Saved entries
===

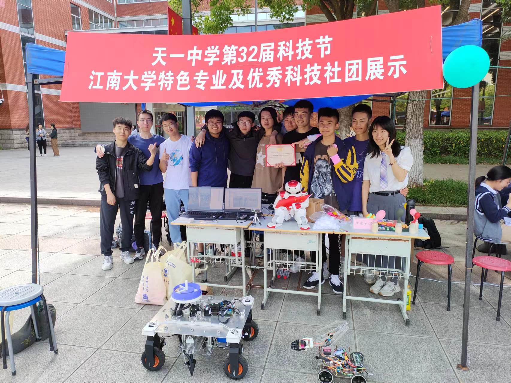 5月12日下午,在江苏省天一中学举办的第32届科技节上,william威廉亚洲官方员工受邀参加“高校特色专业及优秀科技社团展示”活动。活动中,荣获第十届江苏省老员工机械设计大赛兴农机械赛道一等奖的作品《“粒粒有数”多功能豆类播种机》、二等奖作品《钳剪式智能辣椒采摘机器人》,君远公司的NAO人形机器人、哨兵小车、自制无人机悉数登场。
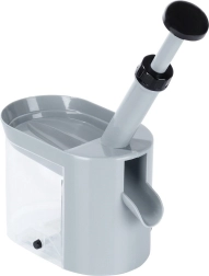 Le piston manuel avec poignée ergonomique retire les noyaux en un instant. Les fruits dénoyautés glissent par la goulotte vers le bol, tandis que les noyaux tombent dans le réservoir transparent.
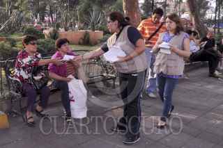 MÉXICO, D.F., 07SEPTIEMBRE2012.- Ante la crisis de miedo que generaron los rumores, personal de la delegación Iztapalapa, emprendieron un programa de información y volanteo para tranquilizar a la ciudadanía. FOTO: CUARTOSCURO.COM
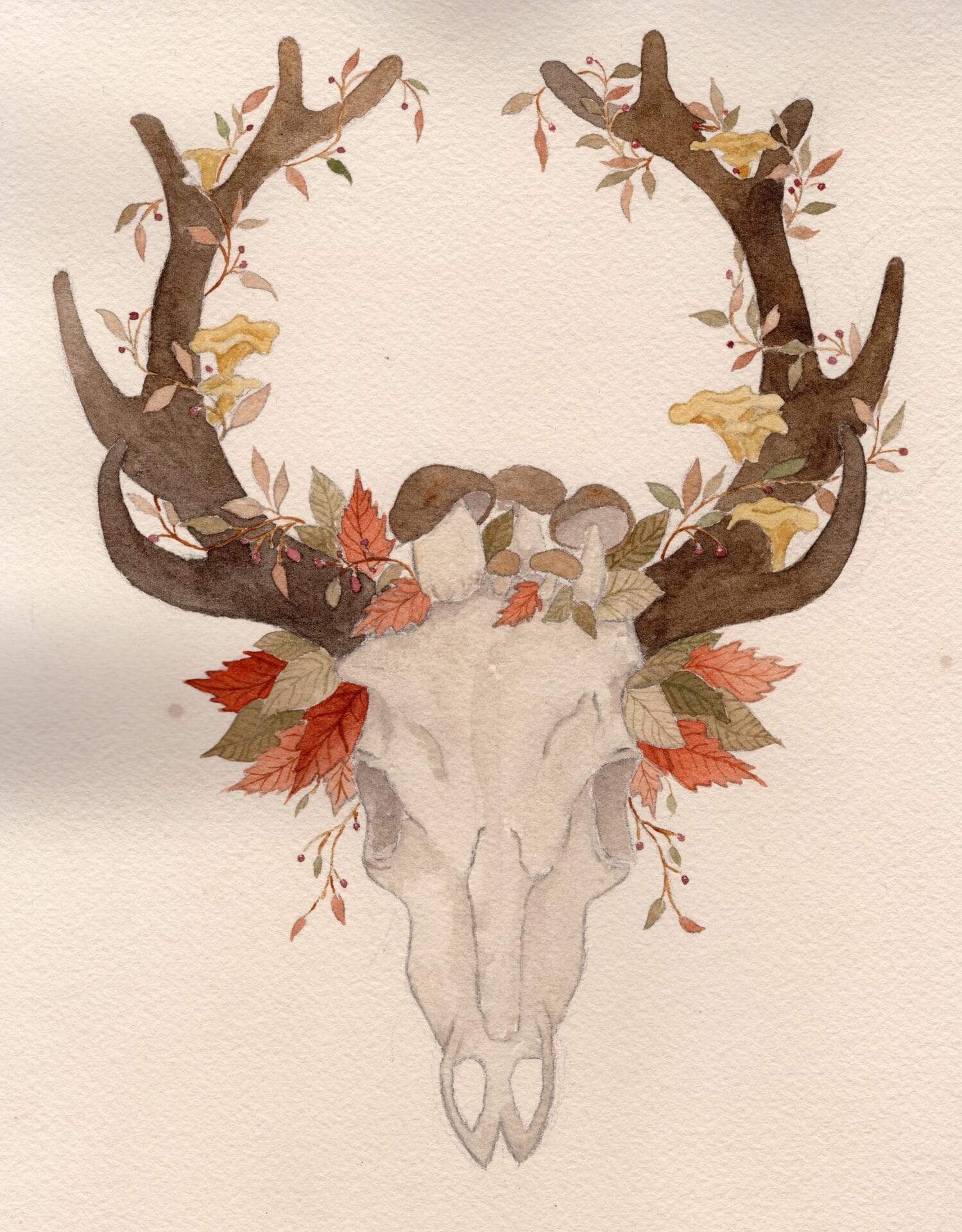 “Silence des Bois” est une aquarelle empreinte de calme et de mystère, où un crâne de cerf se pare de la délicatesse de la forêt automnale. Les bois, couverts de champignons, de feuilles rousses et de baies fines, évoquent le cycle de la vie et la beauté fragile de la nature sauvage.
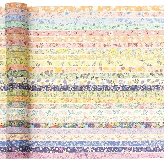 YUBBAEX Flowers Washi Tape Pack 50 Rolls Floral Printed Masking Tape Plants Decorative for Arts, DIY Crafts, Journal Supplies, Planners, Scrapbook, Card/Gift Wrapping
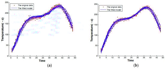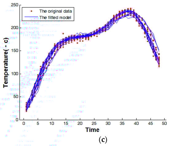 In this section, the polynomial regression model, the modified sum of sine functions, and the NLME model are first used to fit the reflow process data. The polynomial models of orders 3–5 and the modified sum of 1–3 sine functions are selected for model fitting. In every profile, n measurements in the ith random profile are collected over time, as indicated by , for and . The polynomial models are as shown in Equation (3). The modified sum of sine functions and the nonlinear mixed effects models are as shown in Equations (4)–(7).
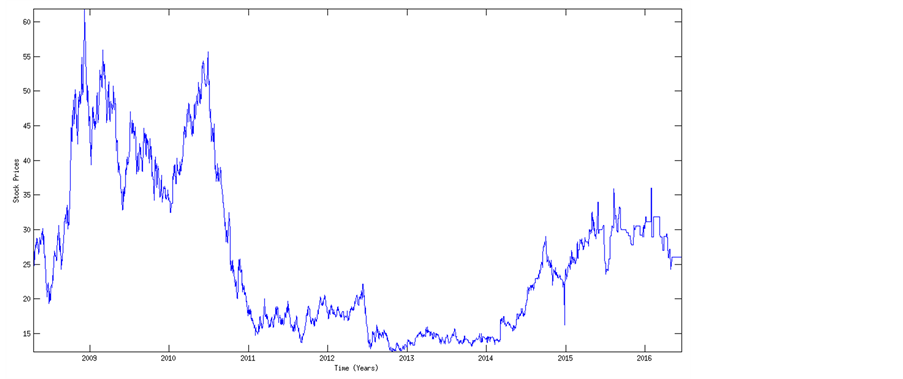 Stock prices indicate the strength and performance of the company. Any data can be used but with reference to this analysis we use data from AngloGold Ashanti Ghana (AGA). A daily high frequency stock prices data from AGA containing the closing prices from 16 April 2008 to 17 June 2016 was plotted with time (in years) as shown in Figure 1.

===

Please repeat, exactly as written, the lines in the records above, starting with the one that has "MÉXICO, D.F., 07SEPTIEMBRE2012.- Ante" and going on through the one that has "YUBBAEX Flowers Washi". Pictures are to be left out.

→ RESULT FOR THIS TASK
 MÉXICO, D.F., 07SEPTIEMBRE2012.- Ante la crisis de miedo que generaron los rumores, personal de la delegación Iztapalapa, emprendieron un programa de información y volanteo para tranquilizar a la ciudadanía. FOTO: CUARTOSCURO.COM
 “Silence des Bois” est une aquarelle empreinte de calme et de mystère, où un crâne de cerf se pare de la délicatesse de la forêt automnale. Les bois, couverts de champignons, de feuilles rousses et de baies fines, évoquent le cycle de la vie et la beauté fragile de la nature sauvage.
 YUBBAEX Flowers Washi Tape Pack 50 Rolls Floral Printed Masking Tape Plants Decorative for Arts, DIY Crafts, Journal Supplies, Planners, Scrapbook, Card/Gift Wrapping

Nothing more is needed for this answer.